A prisão de Bolsonaro foi determinada por Moraes na última segunda-feira (4), dentro de uma investigação que apura ações do ex-presidente e de seus filhos parlamentares para supostamente estimular sanções internacionais contra a economia brasileira.

Segundo Moraes, Bolsonaro teria se utilizado das redes sociais de aliados — inclusive de seus três filhos que exercem mandato parlamentar — para divulgar mensagens com “claro conteúdo de incentivo a ataques ao STF” e apoio a “intervenções estrangeiras” no Judiciário nacional.

Ainda em julho, o ex-presidente já havia sido alvo de restrições judiciais.

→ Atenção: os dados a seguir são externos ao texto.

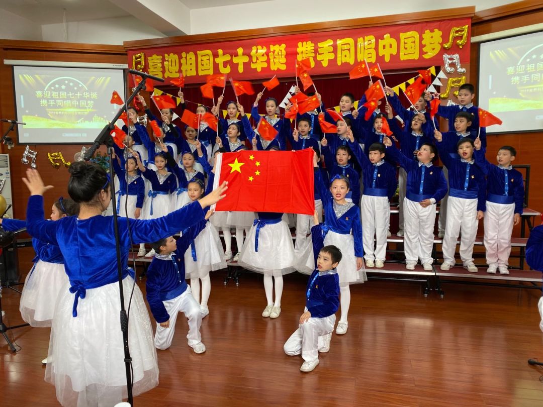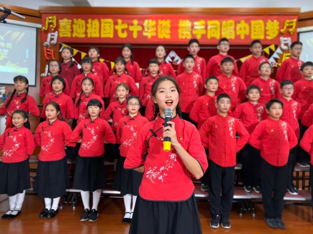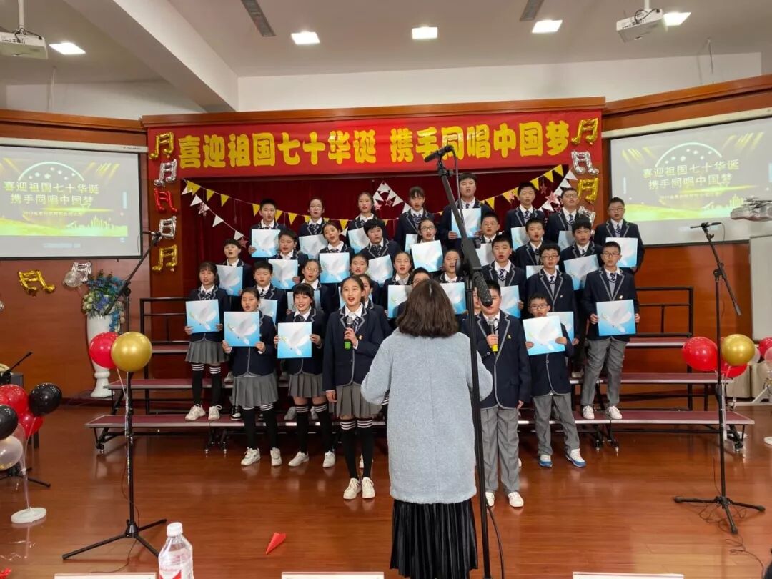 一颗颗红心、一面面国旗、一把把红扇……同学们的歌声时而悠扬婉转如黄莺,时而铿锵如落珠,令人时而感动、时而亢奋。
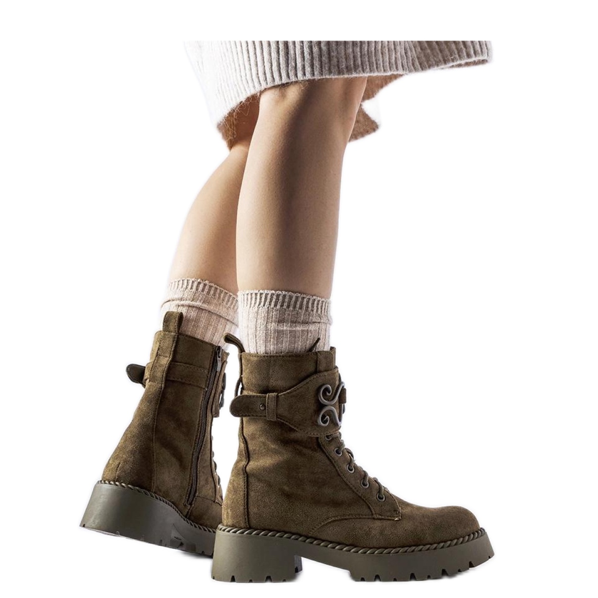 Tmavě zelená dekorativní pracovníci Eco-Zamsz jsou perfektní volbou pro ženy, které chtějí kombinovat módu s pohodlím. Tyto stylové boty, které jsou k dispozici ve sbírce podzim/zimy, se rozlišují nejen barvami, ale také pečlivým zpracováním vysoce kvalitní ekologické kůže v semišovém stylu. Jejich původní vzhled jistě přitahuje pozornost a přidá charakter každé zimní stylizace.
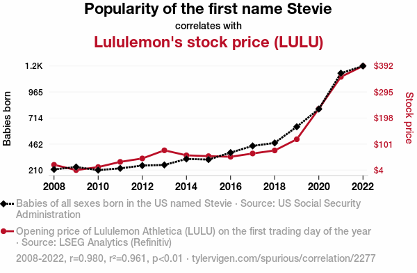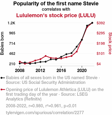 Lululemon Athletica Inc., Stevie, stock price, correlation, statistical study, market dynamics, US Social Security Administration data, LSEG Analytics, Refinitiv, market behavior, stock market performance, name "Stevie", nomenclature, whimsical correlation, mirthful dynamics
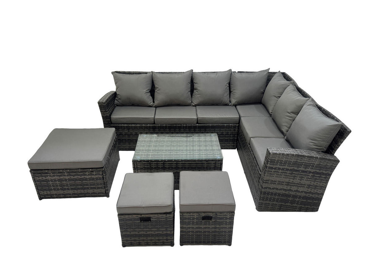 Fimous GARTENSOFA SET Hohe Rückenlehne Polyrattan Dunkelgrauer Mix 9-Sitzer

Com o descumprimento das medidas, o ministro decidiu pela prisão domiciliar, determinou a apreensão de celulares e proibiu qualquer visita sem autorização prévia do STF.

Defesa recorre

A defesa de Bolsonaro ingressou com recurso na quarta-feira (6) pedindo que Moraes reconsidere a medida. Caso não haja revisão, os advogados requerem que a decisão seja submetida com urgência ao plenário físico do STF.

A prisão do ex-presidente ampliou a tensão entre bolsonaristas e instituições, reacendendo o debate sobre os limites da liberdade de expressão, o papel dos militares e a soberania nacional nas decisões judiciais.